In my new monograph CyberOSINT: Next Generation Information Access, Recorded Future emerged as the leader in threat intelligence among the 22 companies offering NGIA services. To learn more about Recorded Future, navigate to the firm’s Web site at www.recordedfuture.com.
Stephen E Arnold, April 29, 2015
Digital Reasoning Goes Cognitive
April 16, 2015
A new coat of paint is capturing some tire kickers’ attention.
IBM’s Watson is one of the dray horses pulling the cart containing old school indexing functions toward the airplane hanger.
There are assorted experts praising the digital equivalent of a West Coast Custom’s auto redo. A recent example is Digital Reasoning’s embrace of the concept of cognitive computing.
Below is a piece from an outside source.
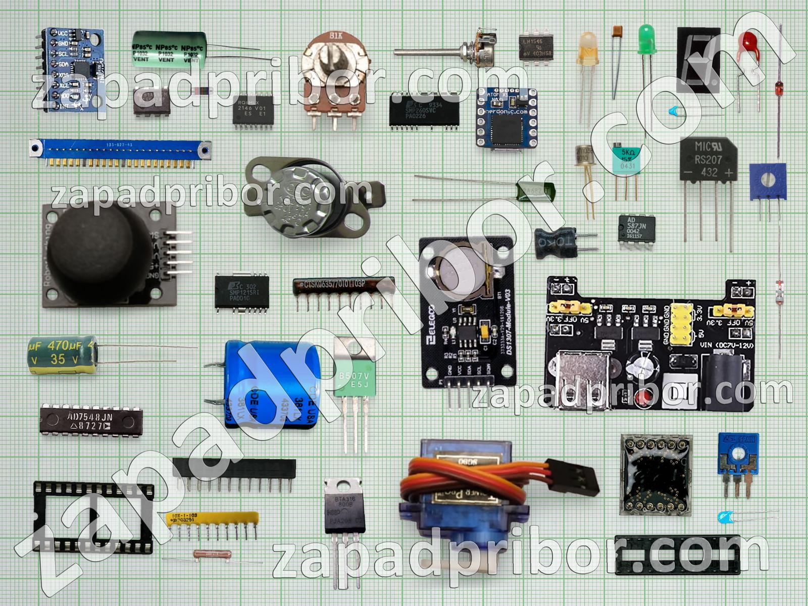 Кроме этих радиодеталей на нашем сайте вы сможете найти большой перечень компонентов. Осуществляйте поиск по основным типам радиодеталей таких как светодиод, преобразователь, диодный мост, резистор, конденсатор, контакты, реле, транзистор, индикатор, переключатель, усилитель, колодки, тумблер, резонатор, индуктивность, датчик, дисплей, адаптер, фотодиод, кнопка, диод, трансформатор, разъем, дроссель, экран, тиристор, микросхема, соединитель и другие.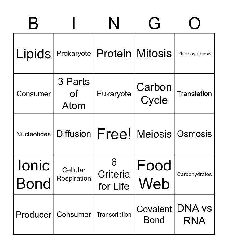 This bingo card has a free space and 24 words: Cellular Respiration, Consumer, Eukaryote, Producer, Photosynthesis, Lipids, Consumer, Prokaryote, Meiosis, 6 Criteria for Life, Carbon Cycle, Nucleotides, Food Web, Carbohydrates, 3 Parts of Atom, Covalent Bond, Osmosis, Protein, Translation, Diffusion, DNA vs RNA, Ionic Bond, Mitosis and Transcription.

Digital Reasoning is about 15 years old and has provided utility services to the US government and some commercial clients. “Digital Reasoning Goes cognitive: CEO Tim Estes on Text, Knowledge, and Technology” explains the new marketing angle. The write up reported:
Cognitive is a next computing paradigm, responding to demand for always-on, hyper-aware data technologies that scale from device form to the enterprise. Cognitive computing is an approach rather than a specific capability. Cognitive mimics human perception, synthesis, and reasoning capabilities by applying human-like machine-learning methods to discern, assess, and exploit patterns in everyday data. It’s a natural for automating text, speech, and image processing and dynamic human-machine interactions.
If you want to keep track of the new positioning text processing companies are exploring, check out the write up. Will cognitive computing become the next big thing? For vendors struggling to meet stakeholder expectations, cognitive computing sounds more zippy that customer support services or even the hyperventilating sentiment analysis positioning.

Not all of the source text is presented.